For those already attached to/convinced by their everyday gloves, but looking for a solution to bad winter weather, the answer is ‘Shell Mitts’, or ‘Outer Shells’.

Inov-8, Raidlight and Montane produce such mitts.  They provide the basis for a system of layering, just like with clothing in general.

RaidLight’s Stretchlight overmitts – wind & waterproof. Super thin & lightweight for easy storage.


Whether you choose the thin breathable, or the thermal glove as your ‘base’, you can rest assured that with a pair of Shell Mitts ready in your pocket/belt/pack, all you need do is slide on the mitts at the first sign of rain, wind, extreme cold or change in pace (don’t forget that the effect of your glove will only be positive if you’re generating heat and creating the warmth you want trapped/stored).

Common mistake:

Taking choice of gloves, but having to remove one pair in order to swap for another.  The time spent exposed to harsh conditions can reduce your fingers to frozen popsickles in seconds.  Especially if suffering from poor circulation (like myself) or Reynaud’s Disease.
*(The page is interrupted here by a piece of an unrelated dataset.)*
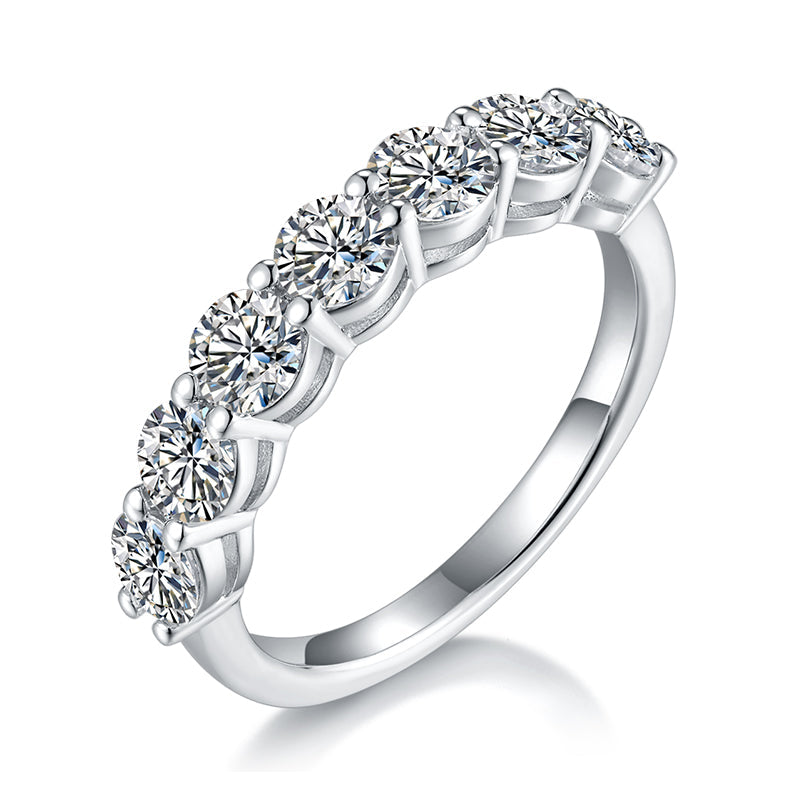 This Seven 2.1 Carat Round Cut Moissanite Ring offers beautiful sparkle and shine. Expertly crafted with seven round cut Moissanite stones. this timeless ring will be sure to be cherished for a lifetime. Enjoy the timeless elegance of this exquisitely crafted ring.

The thing to do is carry the spare layer, but add and remove it at will, according to how you feel or the circumstances as they arise.  Never risk getting your base layer wet through carelessness, but rather – stay alert and manage the use of the shell mitts in the same way you might use a waterproof jacket.
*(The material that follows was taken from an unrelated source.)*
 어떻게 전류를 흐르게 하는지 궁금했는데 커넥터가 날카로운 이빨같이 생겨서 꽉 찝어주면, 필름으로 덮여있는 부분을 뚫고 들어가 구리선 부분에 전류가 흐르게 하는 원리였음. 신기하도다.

I have personally found it a real buzz kill to feel freezing cold fingers despite pleasant conditions during some frosty runs where the sky was clear and the running perfect under foot.  Similarly, while challenged by extremes in weather and I’m wrapped up in base, mid, shell layers to keep warm and relatively dry, my hands would suffer due to the waterlogged gloves, freezing in the high winds.

Surprisingly, with the addition of the Shell Mitts, I’m concerned about getting too warm!  Even at minus 10 degrees wind chill on Kinder Scout (Derbyshire’s tallest peak), I’m bobbing along quite happily, opting to avoid overdressing because I feel so comfy with my breathable layers and toasty digits under just two thin layers of glove.

The secret – not losing the warmth already generated.  Your gloves won’t make you warm.  But they can, if you allow them to, insulate against the elements which would otherwise remove the heat all too quickly.  Plus, while on, they still allow the wicking to continue, but the large amount of air between inner and shell, allows dispersal of moisture, so the cold/wind can’t then cause any wet surfaces to become shockingly cold before heat can build.

For best results:

Find a ‘fair weather pair’ of thin gloves for Autumn/Spring, which cover you against sudden (perceived) changes in temperature before/after a warmer midday stretch.  It’s all too common for our bodies to feel vulnerable to these seasonal variations, since our defences haven’t had time to adapt.

Obtain that comfier, warmer pair of gloves for when its really cold all day, or when you can anticipate nasty conditions along the way (say, on a 10 mile hilly trail run between November –  March).  That way you’ll spend a majority of your time feeling safe and sound during the winter gloom.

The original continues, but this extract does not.